Imprezy międzypokoleniowe w Warszawie odbywają się już od dwóch lat. – Poza stolicą jesteśmy po raz drugi – poinformowała Paulina Braun z warszawskiej Fundacji Nizio, która czuwała nad przebiegiem międzypokoleniowego dancingu na placu Kościuszki. – W stolicy gramy w klubach, gdzie przychodzą młodzi i zapraszają starszych. Tutaj nie jesteśmy w fajnym, modnym klubie, tylko na placu Kościuszki. Jesteśmy w dzielnicy gdzie nie ma knajp, klubów. Nie ma tu żadnych instytucji, domów kultury, kawiarni, więc dzisiejsza sytuacja jest wyjątkowa. Jest to sygnał dla reszty miasta, takie zaproszenie do tej przestrzeni. Nie jestem z Bydgoszczy, ale słyszałam, że jest to taka trudniejsza dzielnica. Moim zdaniem jest to strzał taki na 100%, świetny i fajny. Dobrze że możemy pomóc animować taką przestrzeń. Zabawa jest świetna – orzekła Paulina Braun.

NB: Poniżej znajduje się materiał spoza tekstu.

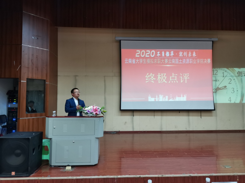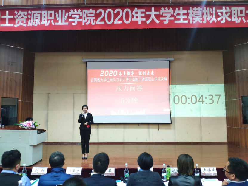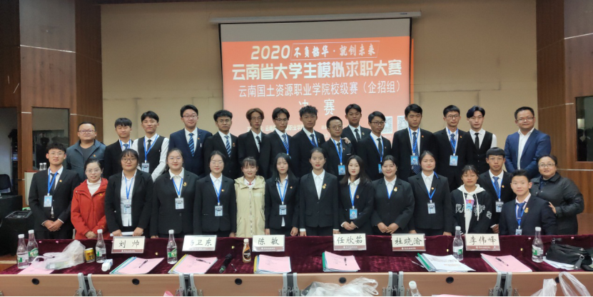为全力做好我校大员工就业指导工作,加大就业服务工作力度,创新就业指导模式,引导大员工了解用人单位需求,合理进行职业规划,并选拔优秀代表参加省级比赛,云南国土资源职业学院2020年大员工模拟求职大赛(企招组)决赛于2020年11月12日18:30在光荣讲堂进行,本次大赛由太阳成集团tyc7111cc承办。出席本次大赛的嘉宾老师有云南国土资源职业学院副院长董钧祥老师、云南国土资源职业学院就业与校企合作处处长董云老师、太阳成集团tyc7111cc党总支书记王春莲老师、云南国土资源职业学院就业与校企合作处副处长钱敏老师,担任本次大赛的评委嘉宾有昆明市阳光心霖儿童公社人力资源部总监刘帅老师、昆百大集团人力资源总经理杨卫东老师、昆明怡泰祥有限珠宝公司人力资源总监陈敏老师、昆明合景房地产经纪有限公司人力资源总监任欣茹老师、云南鸿翔一心堂药业(集团)股份有限公司人力资源中心招聘管理部经理杜晓渝老师、麒盛科技股份有限公司人事总监李伟峰老师。
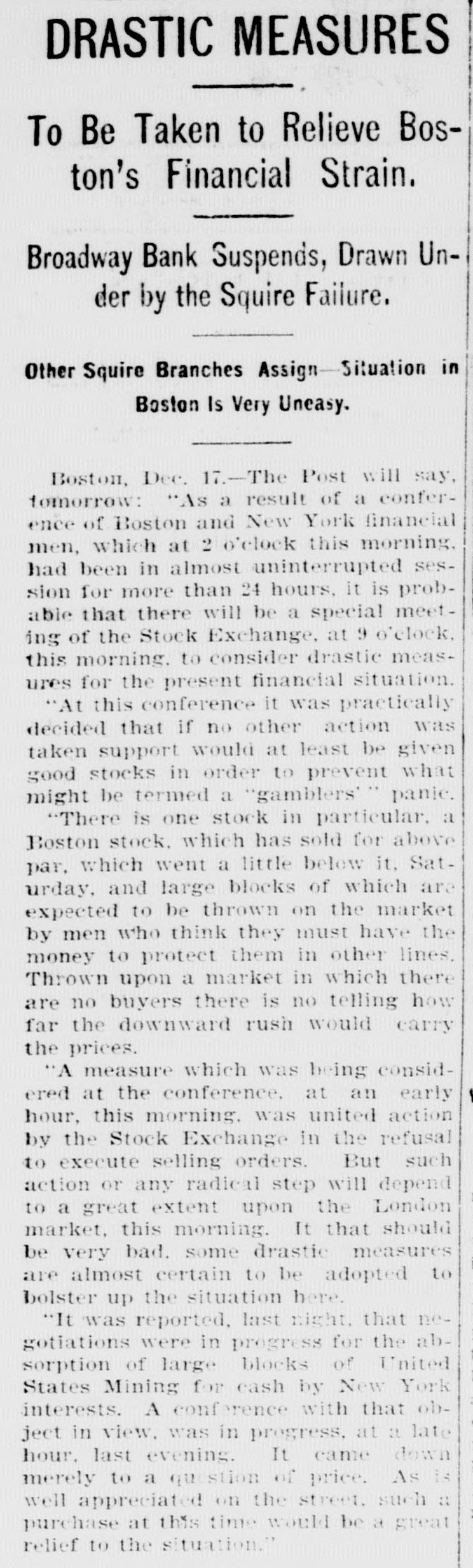 DRASTIC MEASURES To Be Taken to Relieve Boston's Financial Strain. Broadway Bank Suspends, Drawn Under by the Squire Failure. Other Squire Branches Assign-Situation in Boston Is Very Uneasy. Boston, Dec. 17.-The Post will say, tomorrow: "As a result of a conference of Boston and New York financial men, which at 2 o'clock this morning, had been in almost uninterrupted session for more than 24 hours, it is probable that there will be a special meeting of the Stock Exchange, at 9 o'clock. this morning. to consider drastic measures for the present financial situation. "At this conference it was practically decided that if no other action was taken support would at least be given good stocks in order to prevent what might be termed a "gamblers" panic. "There is one stock in particular, a Boston stock. which has sold for above par, which went a little below it. Saturday, and large blocks of which are expected to be thrown on the market by men who think they must have the money to protect them in other lines. Thrown upon a market in which there are no buyers there is no telling how far the downward rush would carry the prices. "A measure which was being considered at the conference. at an early hour, this morning. was united action by the Stock Exchange in the refusal to execute selling orders. But such action or any radical step will depend to a great extent upon the London market, this morning. It that should be very bad. some drastic measures are almost certain to be adopted to bolster up the situation here. "It was reported, last night, that negotiations were in progress for the absorption of large blocks of United States Mining for cash by New York interests. A conference with that object in view. was in progress. at a late hour, last evening. It came down merely to a question of price. As is well appreciated on the street, such a purchase at this time would be a great relief to the situation."

Gdy tylko muzyka zaczęła na placu Kościuszki grać, ludzie z okien i balkonów dostrzegli rozpoczynającą się imprezę i przyszli całymi rodzinami. Na tanecznej scenie dominowały dzieci, ale i starsi też ruszyli w tany. Muzykę wybierała 74-letnia DJ Wika, która pokazała, że wiek nie jest żadną przeszkodą w realizacji pasji. Później dołączyli do niej raper i DJ Grzana oraz DJ Drapski.
Animatorów przestrzeni z warszawskiej fundacji Nizio zaprosiła w ramach projektu RELOKACJE bydgoska Fundacja Nowa Sztuka Wet Music. “Relokacje Bydgoszcz to inicjatywa artystyczno-społeczna realizowana w wybranych punktach zachodniej części Śródmieścia, określanej przez mieszkańców “dzielnicą cudów” – wyjaśniają ideę projektu organizatorzy.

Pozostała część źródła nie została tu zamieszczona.